Reputation: 1198
I'm cutting up xarrays into small cubes of data for a machine learning process and am trying to filter out cubes with no-data values in them.
I want to keep the memory footprint small and have assigned an unlikely value of -999 to no-data values. This is done to keep things int16
instead of requiring a larger type for nan
Question: What is the best way to check if -999 exists in an xarray.Dataset?
Here is what I have:
(dataset == -999).any()
will yeild:
<xarray.Dataset>
Dimensions: ()
Data variables:
var_a bool True
var_b bool True
var_c bool False
after which I would likely have to select something like var_a
. My code would end up looking like this:
def is_clean(dataset):
return (dataset == -999).any().var_a is True
Maybe I'm still fresh when it comes to Xarrays, but I can't find a nicer way to do this in the docs. What bit of structural knowledge about xarrays am I missing that keeps me from being ok with my current solution? Any hints?
Upvotes: 1
Views: 5816
Reputation: 9593
Expressions on xarray objects generally return new xarray objects of the same type. This means (dataset.var_a == -999).any()
results in a scalar xarray.DataArray
object.
Like scalar NumPy arrays, scalar DataArray objects can be inboxed by calling builtin types on them like bool()
or float()
. This happens implicitly inside the condition of an if
statement, for example.
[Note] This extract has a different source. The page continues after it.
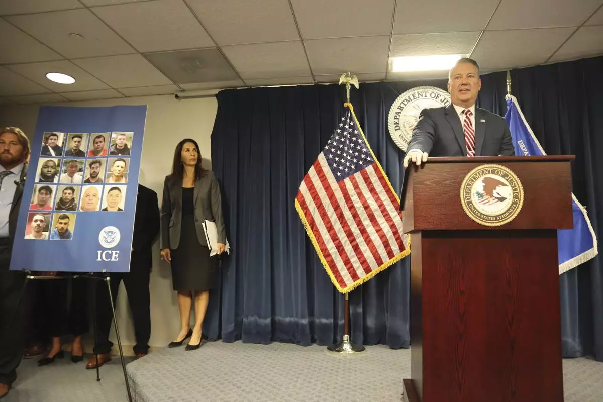 Lyons stood near a poster board with mug shots of unnamed immigrants. A full list of those arrested was not available, nor was information about the crimes specific individuals are accused of committing.

Also like NumPy arrays, you can unbox a scalar DataArray of any dtype by with the .item()
method.
To check every data variable in a Dataset, you'll either need to iterate over the Dataset using dictionary like access, e.g.,
def is_clean(dataset):
return all((v != -999).all() for v in dataset.data_vars.values())
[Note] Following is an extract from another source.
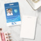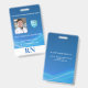 Crifal de Enfermería Registrada Vertical (u otro según pueda cambiar iniciales y descripción del trabajo utilizando las casillas de texto proporcionadas) Placa de identificación con foto. Diseño con fondo azul con diseño de onda de luz ondulante -haciendo difícil replicar el diseño por parte de impostores- Agregue fácilmente el logotipo de su empresa utilizando nuestra imagen de plantilla. Iniciales de RN en la parte inferior en azul sobre franja rectangular blanca NOTA: si utiliza un SISTEMA DE COMPAÑERO: el rectángulo blanco y el texto de las iniciales pueden cambiarse a cualquier otro color que necesite seleccionando personalizar más. Id con foto, nombre, nombre de la empresa/hospital y número de identificación. Parte posterior con área para información en caso de que se pierda la placa. También disponible en presentación horizontal. Para todo el personal médico en las líneas, GRACIAS POR SU SERVICIO INCREÍBLE.

Or you could convert the whole Dataset into a single DataArray by calling .to_array()
, e.g.,
def is_clean(dataset):
return bool(dataset.to_array() != -999).all())
To avoid excess memory usage, you might convert to an array after reducing, which is a little longer but not too bad:
def is_clean(dataset):
return bool((dataset != -999).all().to_array().all())
Upvotes: 4